Pioneering studies on plant phosphoproteomes were restricted to subfractionated samples such as plasma membrane proteins, which contain a few hundred phosphoproteins. Because the phosphopeptide enrichment methods were as yet undeveloped. Most of the past phosphoproteomics studies have utilized 2-step phosphopeptide purification methods, i.e., prefractionation with strong cation exchange (SCX) chromatography followed by affinity chromatography such as immobilized metal affinity chromatography (IMAC) or metal oxide chromatography (MOC). However, SCX chromatography is complicated and difficult, often resulting in sample loss.
Recently, a highly efficient single-step phosphopeptide enrichment method, aliphatic hydroxy acid-modified metal oxide chromatography (HAMMOC), was developed. Application of HAMMOC to plant materials made it possible to identify thousands of phosphopeptides from unfractionated plant cell lysates efficiently.
Phosphopeptide enrichment methods
HAMMOC (aliphatic hydroxy acid-modified metal oxide chromatography)
Modified version of MOC where metal oxide beads are dynamically coated with aliphatic hydroxy acids, such as lactic acid. This dynamic coating reduces the interaction with acidic peptides, but does not affect the affinity for phosphopeptides.

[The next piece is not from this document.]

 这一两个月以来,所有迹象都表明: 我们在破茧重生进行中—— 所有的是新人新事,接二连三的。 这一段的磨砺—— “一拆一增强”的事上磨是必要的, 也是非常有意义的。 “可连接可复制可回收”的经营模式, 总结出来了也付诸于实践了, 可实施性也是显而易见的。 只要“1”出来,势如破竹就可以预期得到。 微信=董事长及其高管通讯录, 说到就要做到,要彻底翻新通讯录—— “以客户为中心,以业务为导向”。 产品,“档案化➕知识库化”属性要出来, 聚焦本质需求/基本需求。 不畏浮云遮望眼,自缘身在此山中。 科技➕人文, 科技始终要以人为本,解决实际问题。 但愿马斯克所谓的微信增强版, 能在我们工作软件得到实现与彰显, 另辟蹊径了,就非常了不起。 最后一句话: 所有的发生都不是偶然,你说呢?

HAMMOC was developed by Dr. Ishihama's group(Sugiyama et al.), and enabled efficient phosphoproteomics in plants.
MOC (metal oxide chromatography)
Affinity chromatography to enrich phosphopeptides, utilizing metal oxides such as titania, zirconia, or alumina for phosphate interaction in a similar way to IMAC.

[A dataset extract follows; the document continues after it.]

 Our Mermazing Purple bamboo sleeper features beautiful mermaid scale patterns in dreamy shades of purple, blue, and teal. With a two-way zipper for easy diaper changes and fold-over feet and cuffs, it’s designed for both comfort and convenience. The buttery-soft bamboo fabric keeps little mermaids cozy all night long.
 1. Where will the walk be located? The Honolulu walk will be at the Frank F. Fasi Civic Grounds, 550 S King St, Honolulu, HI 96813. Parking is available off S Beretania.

IMAC (immobilized metal-ion affinity chromatography)
Affinity chromatography to enrich phosphopeptides. This utilizes metal cations such as Fe3+, Ga3+ Al3+ Co2+ and Zr4+ to coordinate phosphate groups.
SCX (strong cation exchange)
Chromatographic method often used to separate digested peptides. Since phosphate groups on phosphopeptides acquire negative charge at acidic pH (<2.7), phosphopeptides can be roughly separated from non-phosphopeptides using SCX. Therefore, SCX is often used prior to IMAC and MOC to reduce both the sample complexity and the contamination with non-phosphorylated acidic peptides.

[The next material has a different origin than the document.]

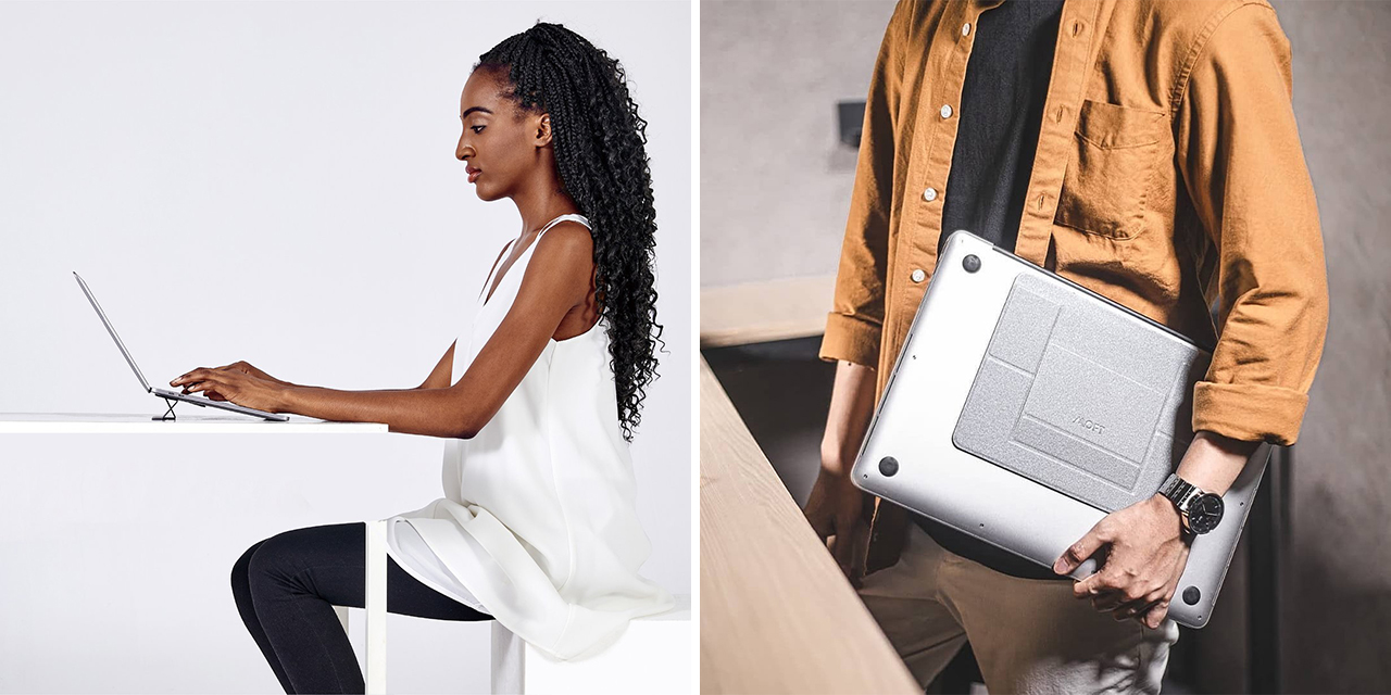 Наклон на 10 градусов обеспечивает повышенный комфорт при наборе текста и повседневных задачах. Даже такого угла достаточно, чтобы приподнять экран: таким образом снижается нагрузка на мышцы шеи, а ощущения от работы с дисплеем ноутбука приближаются к таковым при использовании отдельного монитора. Толщина подставки в сложенном состоянии составляет всего 3 мм.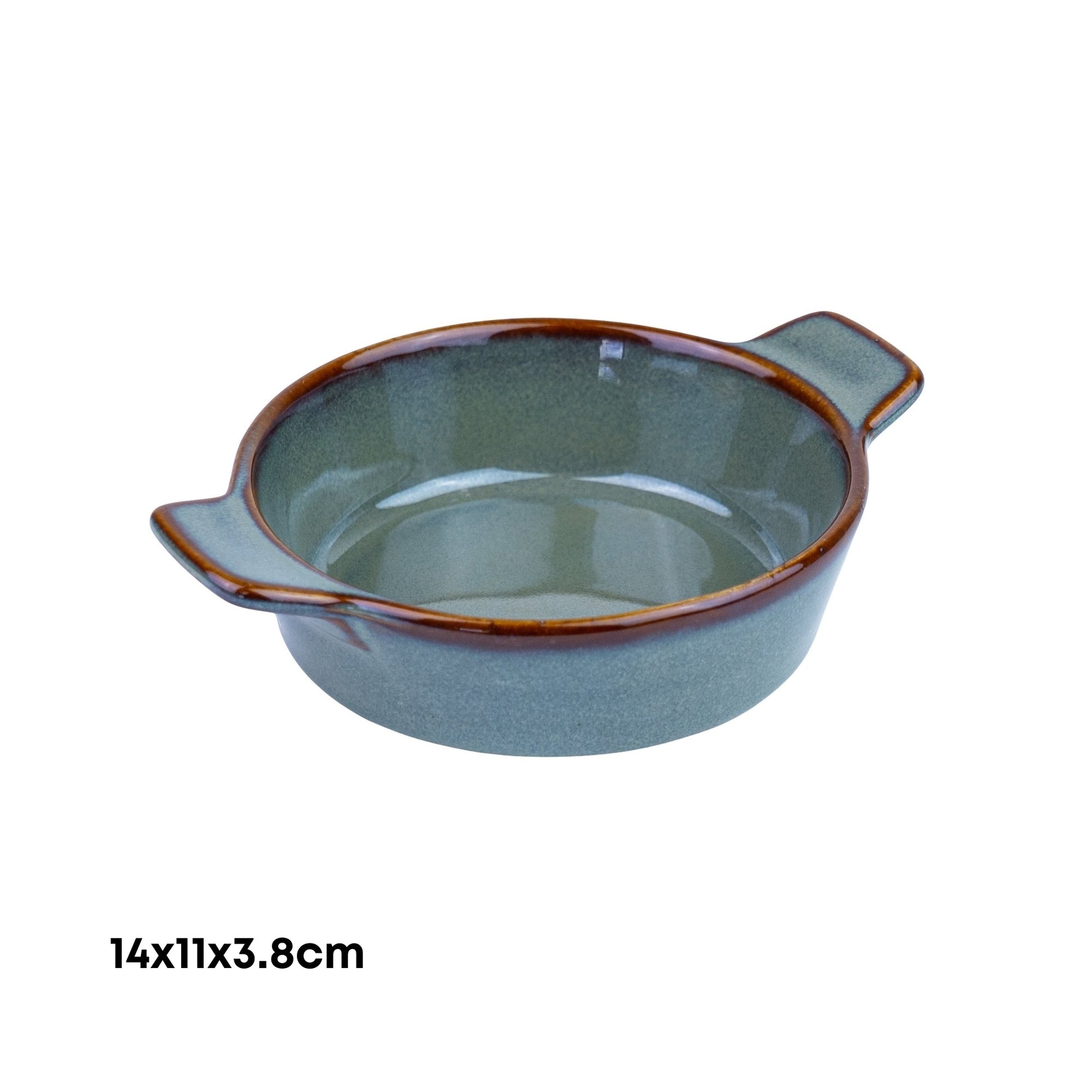 Sirva os seus pratos com elegância com esta encantadora tigela redonda de cerâmica! Apresentando um design sofisticado em verde jade com acabamento liso e duas asas práticas, esta tigela de 14x11x3,8cm é perfeita para sopas, aperitivos, sobremesas, molhos e muito mais.

Quantitation methods for shotgun analysis
Proteomics has become a critical tool in the functional understanding of plant processes at the molecular level. Proteomics-based studies have contributed to the ever expanding array of data in modern biology, with many generating web portals and online resources. Many of these resources reflect specialist research areas with significant and novel information that is not currently captured by centralized repositories. Consequently the MASCP Proteomics Subcommittee have developed a proteomics aggregation utility called the MASCP Gator, that pulls information on-the-fly from a variety of proteomics resources.
Link to MASCP Gator
RIKEN Phosphoproteome Database
The RIPP-DB provides information on phosphopeptides which were identified from Arabidopsis and rice cells by LC-MS/MS-based shotgun phosphoproteomics approach. MS/MS spectral information for the identified phosphopeptides at PepBase (Keio University) are available. Alignment views of orthologous proteins in Arabidopsis and rice mapped with the identified phosphopeptides allow users to predict conserved phosphorylation sites in plants. Current database houses information for 5,143 and 6,919 phosphopeptides from Arabidopsis and rice, respectively.